Hackers Remotely Attack Moving Tesla Model S – PC Magazine

Did you think only Jeeps were vulnerable to hacking? Think again.

Chinese security researchers this week revealed multiple security vulnerabilities that allowed them to remotely hack a Tesla Model S sedan.

The electric car maker has already patched the bugs. But researchers from Keen Security Lab, a division of the Chinese Web giant Tencent, demonstrated their attack in a YouTube video posted Monday. The team was able to gain remote control of the unmodified, fully up-to-date car by hacking into an onboard computer system called CAN bus.

As you can see in the video below, the researchers opened a parked Tesla’s sunroof, turned on the steering lights, and moved its seat from their laptop while standing across a parking lot. They also demonstrated how they were able to remotely hack the car’s display to make it inoperable and show the Keen Security Lab logo, as well as open the vehicle’s door.

Next, they showed what they could do while the car was in motion — like remotely start the windshield wipers, fold in the car’s side view mirrors, and open the trunk. Perhaps most concerning, the researchers were able to manipulate the car’s brake system from 12 miles away, halting the car with the press of a button.

Achieving the hack took “several months on in-depth research,” the team said. They verified the attack vector on multiple versions of the Model S and assume the problem affects other Tesla models as well. Keen Security Lab said it notified the automaker, which confirmed the vulnerabilities and quickly fixed them.

In a statement to PCMag on Wednesday, a Tesla spokesperson downplayed the severity of this attack, but said the company quickly deployed an over-the-air software update to address it, and users will not have to take action.

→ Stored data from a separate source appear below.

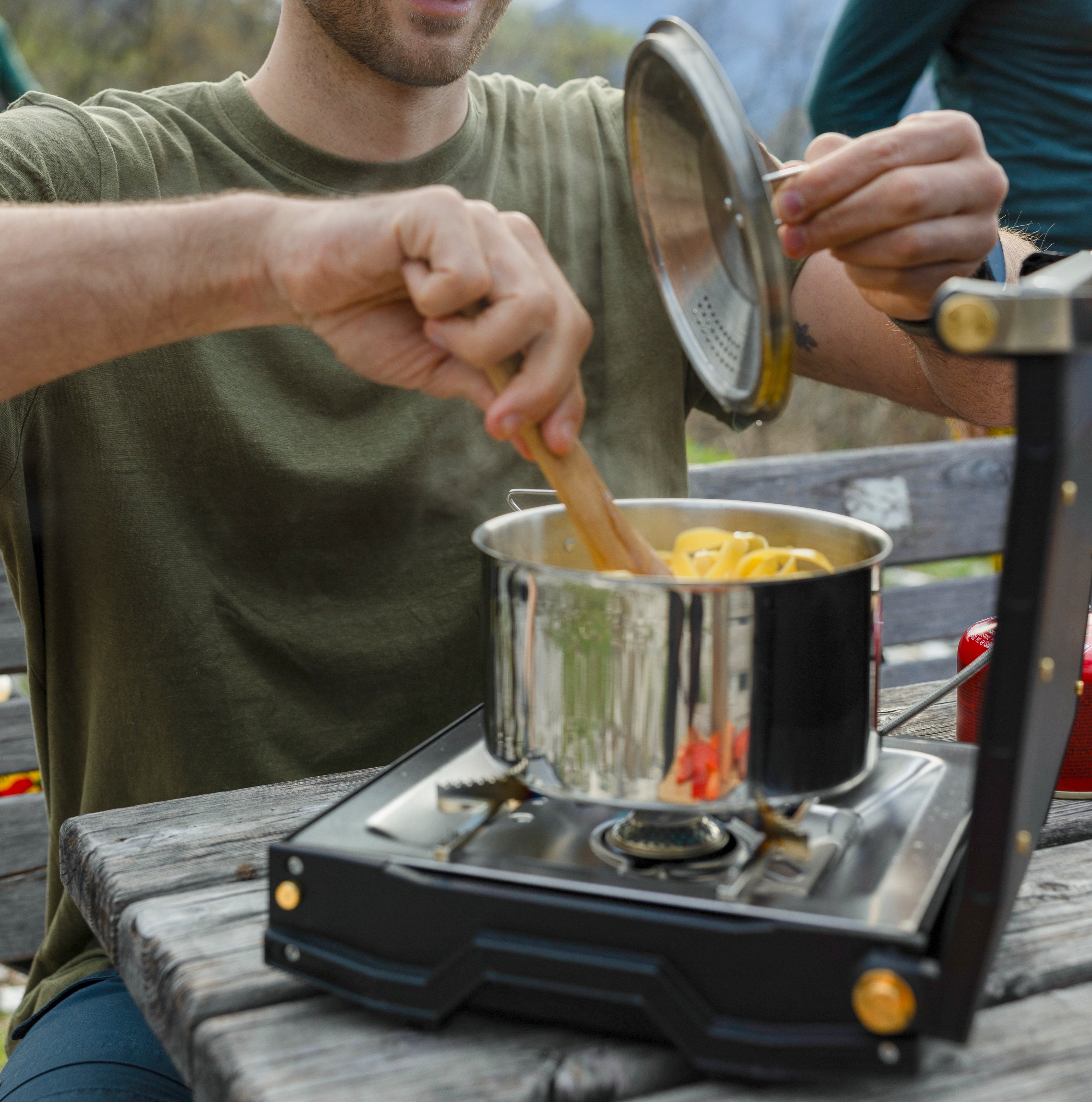 Kompakt campingkök med en kraftfull brännare för enkel utomhusmatlagning åt 1–3 personer.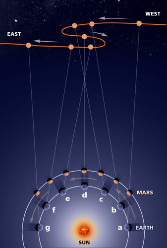 The Earth moves faster than Mars in its orbit and catches up with Mars at point (b) before overtaking Mars at point (d). As the Earth overtakes Mars, Mars appears to travel backwards on the sky, even though Mars is not really changing direction in space.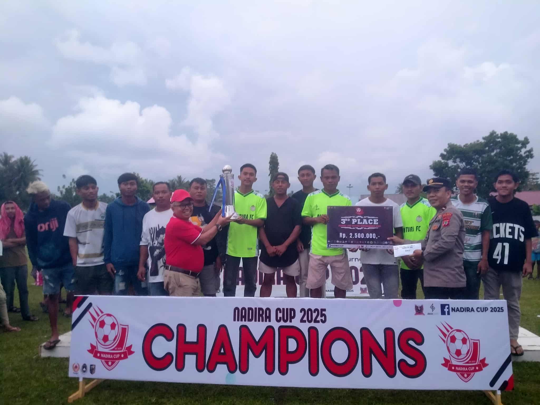 “Saya memberikan apresiasi setinggi-tingginya kepada Ibu Dewi Zandra Astuti Mondo atas inisiatif dan kontribusinya sebagai sponsor utama Nadira Cup ini. Karena melalui kegiatan ini. Ibu Dewi telah menunjukkan semangat kebersamaan dan kepedulian terhadap pengembangan generasi muda di Pinogaluman,” bebernya.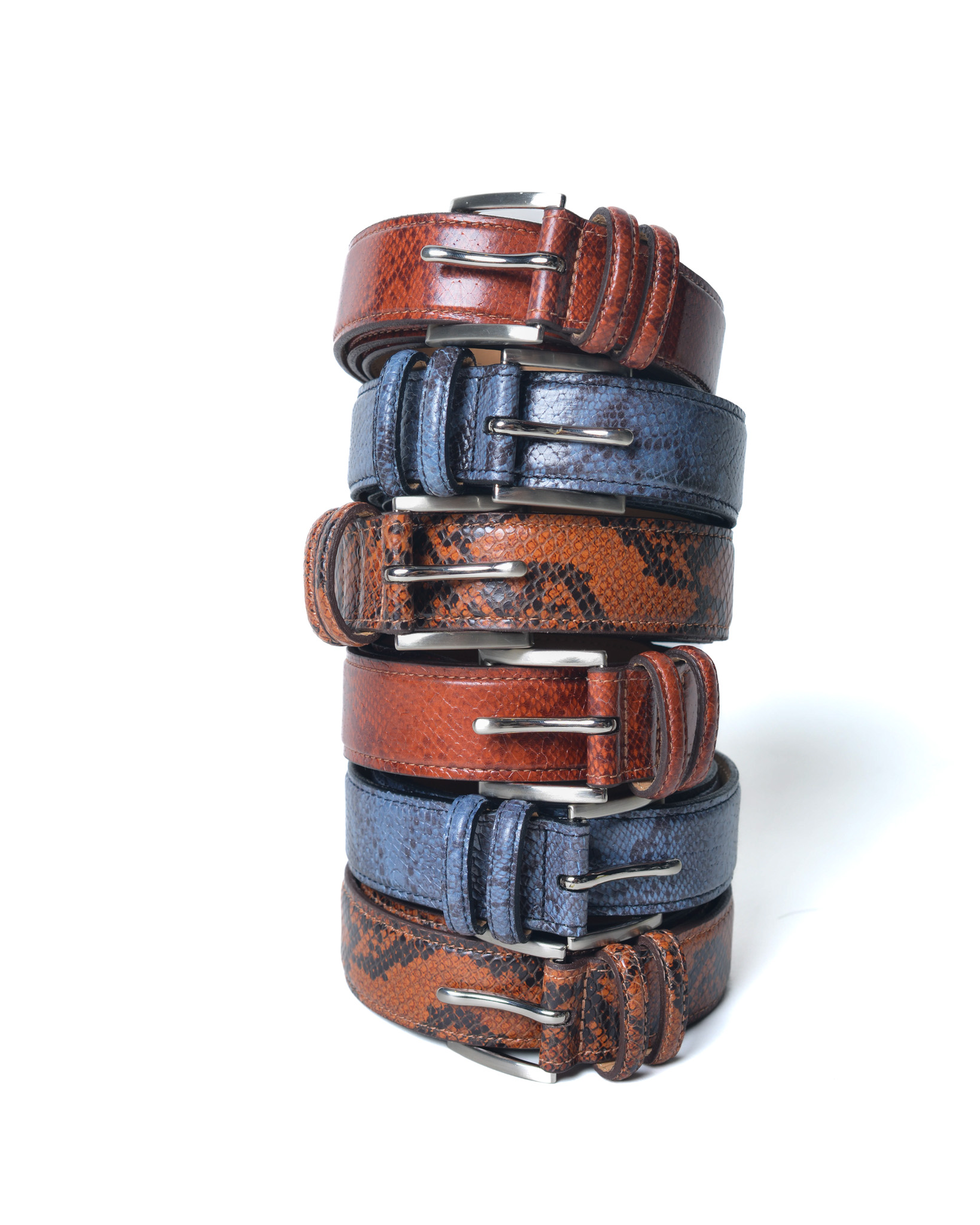 Produzidos em couro bovino legítimo, os cintos Ginga Studios “COBRA” recebem estampas de serpente em 3 cores diferentes, com texturas e personalidades únicas.

“The issue demonstrated is only triggered when the web browser is used, and also required the car to be physically near to and connected to a malicious wifi hotspot,” the spokesperson said. “Our realistic estimate is that the risk to our customers was very low, but this did not stop us from responding quickly.”

Further, in keeping with its bug bounty program, Tesla plans to reward Keen Security Lab for its research.